By Promit Mukherjee
OTTAWA (Reuters) – Canada’s economy grew at an annualized rate of just 1% in the third quarter, less than what the Bank of Canada had predicted, prompting currency markets to boost bets for a jumbo rate cut next month.
Friday’s data from Statistics Canada were in line with market expectations but less than the 1.5% forecast by the BoC, which has in recent months fretted about sluggish growth.
The boost to the GDP came from an unlikely growth in consumer spending and persistent government expenditure but it failed to offset declines see in business investments.
GDP per person basis, a measure of standard of living, shrunk by 0.4% in the third quarter, its sixth consecutive quarterly decline.
“Living standards are falling, policy is still restrictive, and inflation is at target – there is no convincing argument in the data as to why the Bank of Canada shouldn’t keep going at a 50bp pace in December,” said Kyle Chapman, FX market analyst at Ballinger Group.
The BoC has reduced borrowing costs by 125 basis points since June to 3.75% as the annual inflation rate fell back toward its 2% target and the bank grew more concerned about a hobbling economy.
The GDP data as well as an employment report due early next month will help the Bank of Canada determine the size of an expected rate cut at its last monetary policy decision of the year on Dec. 11.
Currency markets boosted their bets for a 50-basis-point reduction in interest rates next month to around 44% from 31% before the data were released. They are fully pricing in a 25-basis-point rate cut.
The statistics agency revised the second quarter annualized growth to 2.2% from 2.1%.
Economic growth on a monthly basis came below expectations at 0.1%, Statscan said, and a preliminary estimate showed growth was likely to be 0.1% in October.
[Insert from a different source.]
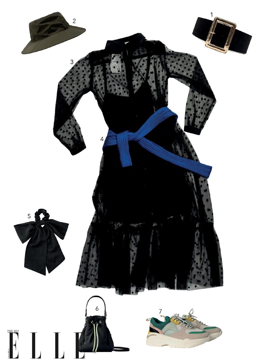 Đầm ren đen chấm bi cho dáng vẻ kín đáo, nữ tính, nhưng khi phối cùng giày sneakers lại tăng thêm vẻ tinh nghịch sáng tạo. Một chiếc mũ màu sáng sẽ là điểm nhấn đáng yêu cho cả bộ trang phục.

Analysts had predicted month-on-month GDP growth in September at 0.3%.
The fourth-quarter number indicates a slower start to the final quarter of the year, which could force the bank to revise its fourth-quarter growth target it projected in October.
The central bank will also have to adjust downward its third-quarter growth projection it announced in October, after already revising it once from its July number.
TRUMP TARIFF THREAT
Economists said growth prospects do not seem inspiring in the fourth quarter as well as the start of next year as a looming threat from proposed 25% unilateral tariffs by U.S. President-elect Donald Trump and immigration curbs will gnaw at the GDP pie.
“In this climate of heightened uncertainty, it’s hard to imagine business investment or international trade being strong contributors to Canada’s growth on a sustained basis over the coming year,” said Stephen Tapp, chief economist at the Canadian Chamber of Commerce.
Business investments in machinery and equipments dropped by a whopping 7.8% in the third quarter and was followed by a 0.4% drop in housing renovations and 0.1% drop in new construction.
Exports of goods and services also dropped by 0.3% after a 1.4% decline in the previous quarter, Statscan said.
Household spending grew by 0.9% and was one of the main drivers of the growth along with continued government expenditures, it added.
The Canadian dollar <CAD=> weakened slightly and was trading at C$1.4028 to the U.S. dollar, or 71.29 U.S. cents, down from $1.4009, or 71.38 U.S. cents.